9点リードされて迎えた第4クオーター(Q)は33-15と圧倒。比江島が3点シュートを立て続けに決めるなど、ベテランがチームをけん引した。ホーバス監督は「日本バスケにとって大きな勝利。素晴らしい」と声を弾ませた。

1試合を通じて日本がリードしていた時間帯はわずか4分24秒。一方、ベネズエラにリードを許した時間は33分56秒。主導権を譲り続けたが、勝利は渡さなかった。渡辺は「自分たちが悪い状況でも、会場の皆さんがずっと声を出してくれた。声援のおかげで勝ち切れた」。この日は最大15点差を逆転。フィンランド戦では18点差をひっくり返した経験も生きたとし、「最後まで焦らずにやれてよかった」とうなずいた。

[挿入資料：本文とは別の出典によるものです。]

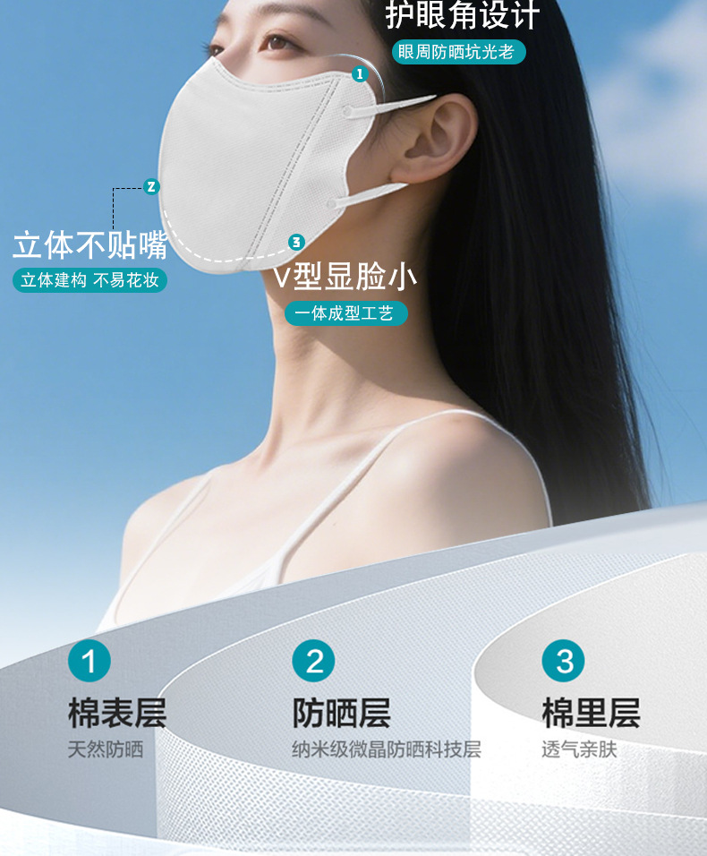 여성용 6D 입체 일회용 자외선 차단 마스크 10개 독립 팩 새로운 눈 보호 및 얼굴 노출 작은 일일 일회용 자외선 차단 마스크

第4Qの2点リードの残り1分13秒に貴重な3点シュートも決めた司令塔の河村は「劣勢の時間帯が続いても、その中で集中力を切らさずに最後まであきらめずにプレーできた。流れが来た時に容易なターンオーバーをすることなく、流れを継続させるためのプレーをやりつづけた結果」と胸を張った。

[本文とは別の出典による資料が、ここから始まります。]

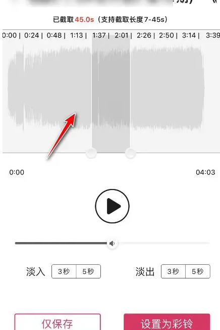 滑动滑块截取歌曲片段,点击设置为彩铃即可。
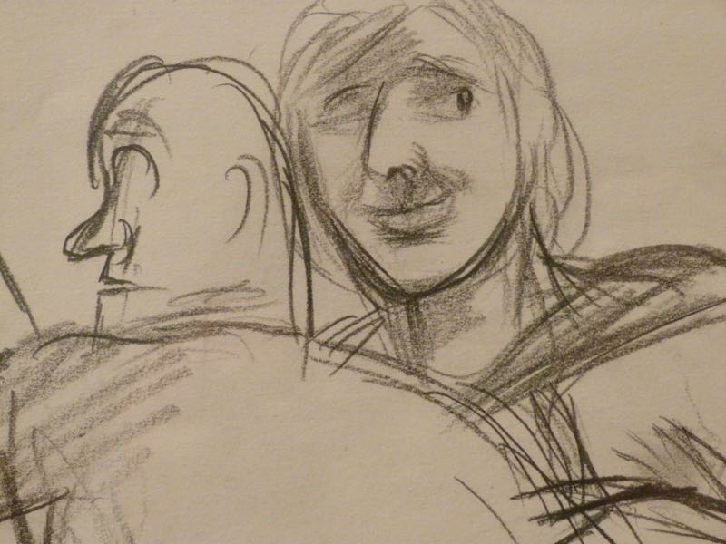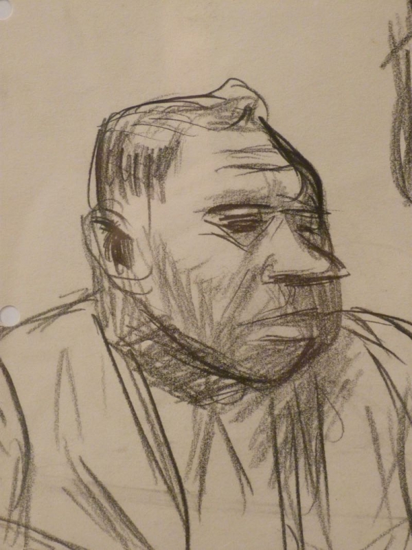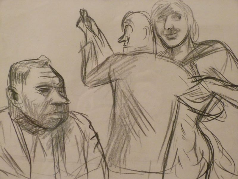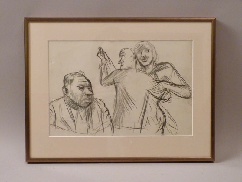 …..KARL HUBBUCH, originale Bleistiftskizze, tanzendes Paar mit Mann…..

ベネズエラは平均身長が193センチで、日本より1センチ高いのみ。3点シュートを多用する主体の攻撃も似ていた。やりづらさも感じながらの展開だったが、粘り強く戦い、後半の逆転につなげた。

豊富な運動量で勝利を引き寄せた。日本は他国に先駆け、6月から長期的合宿を組んで練習を重ねてきた。渡辺は1次リーグ終了直後、「練習をどこよりもやっているから体力がある。終盤になれば相手も精神的につらくなるし、体力も尽きてしまう」と分析していた。その強みを、順位決定戦でも発揮した。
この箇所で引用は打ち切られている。